Justo empate

São Pedro não queria o jogo. Mas o árbitro deu o ok e a partida começou com uma hora e dez minutos de atraso. O Palmeiras esteve um pouco melhor nos primeiros 20 minutos, em jogo truncado e faltoso. O primeiro chute com perigo, porém,  partiu dos pés da lateral Gabriel já com 21 minutos de jogo. A partir daí, o São Paulo melhorou e logo fez um a zero num belo chute de Fernandinho, aos 26: Tricolor 1 a 0.

Saiu o gol e as luzes do estádio se apagaram. O jogo que começara atrasado, ficou parado por cerca de 15 minutos até que a iluminação fosse restabelecida.

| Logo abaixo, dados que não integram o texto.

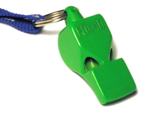 A Fox 40 whistle from the late 1980s.
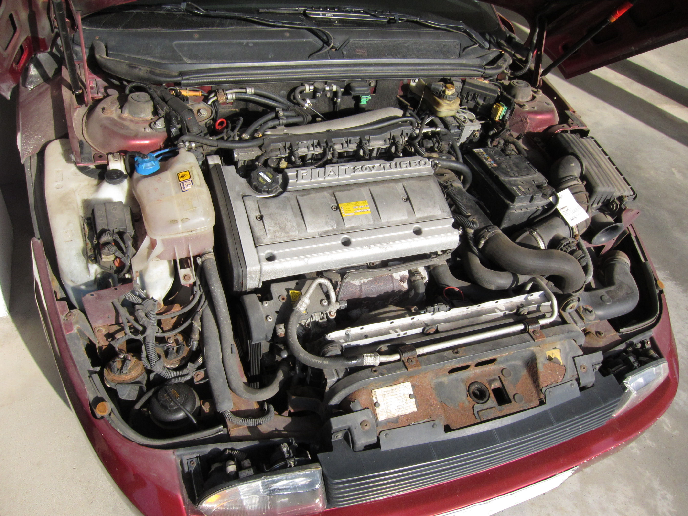 Fiat Coupé 20V Turbo Engine, 1998 model
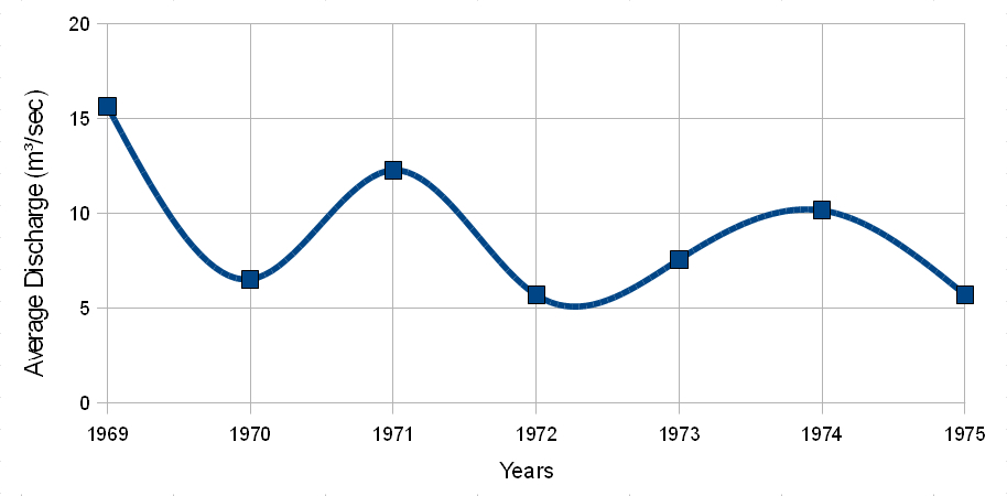 Average annual discharge of Yarkon River, Israel during 1969 and 1975.
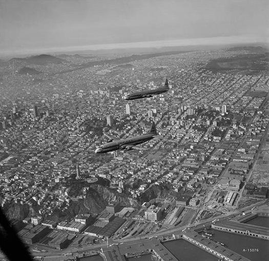 The two U.S. Navy Lockheed XR6V-1 Constitution prototypes in flight over San Francisco, California (USA), on 20 April 1950. The Coit Tower is visible below the airplane in the foreground.
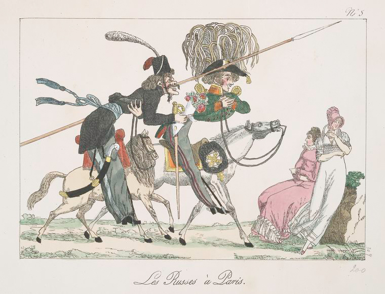 Russians in Paris. 1814. From D.A. Rovinskii collection.

No segundo tempo, o jogo ficou tenso. Alex Silva foi expulso num lance infantil, após empurrar Adriano em represália a uma simulação de falta no lance anterior. A intimidação não surtiu efeito; pior, prejudicou o São Paulo que ficou com um a menos. Diante da situação, Carpegiani armou duas linhas de quatro e procurou diminuir os espaços já que o Palmeiras foi pra cima. Em vão. Adriano, aos 37, teve duas chances pra empatar, e desperdiçou. No minuto seguinte, entretanto, ele não errou ao receber passe de Kléber: 1 a 1. O Palmeiras ainda tentou a virada, mas o empate acabou fazendo justiça ao que foi o jogo.

Adilson fora

Adilson Batista perdeu o emprego neste domingo. Apesar de não concordar muitas vezes com a visão tática do treinador, não vejo sentido na demissão de um técnico com apenas dois meses de trabalho e apenas uma derrota sofrida. A decisão da diretoria do Santos revela que faltou competência na hora de contratar um comandante.

Líder, por enquanto.

O Corinthians iniciou o jogo com chances de assumir a liderança provisioriamente e foi pra cima. Aos 12 minutos Paulinho foi derrubado na área, pênalti convertido por Fábio Santos que marcou o terceiro gol dele no campeonato.O gol deu mais traquilidade ao Corinthians e Liedson, oito minutos mais tarde, deu mostras de que com ele não tem vacilo. Pior pra zaga do Prudente que vacilou e o “Levezinho” não perdoou: 2 a 0.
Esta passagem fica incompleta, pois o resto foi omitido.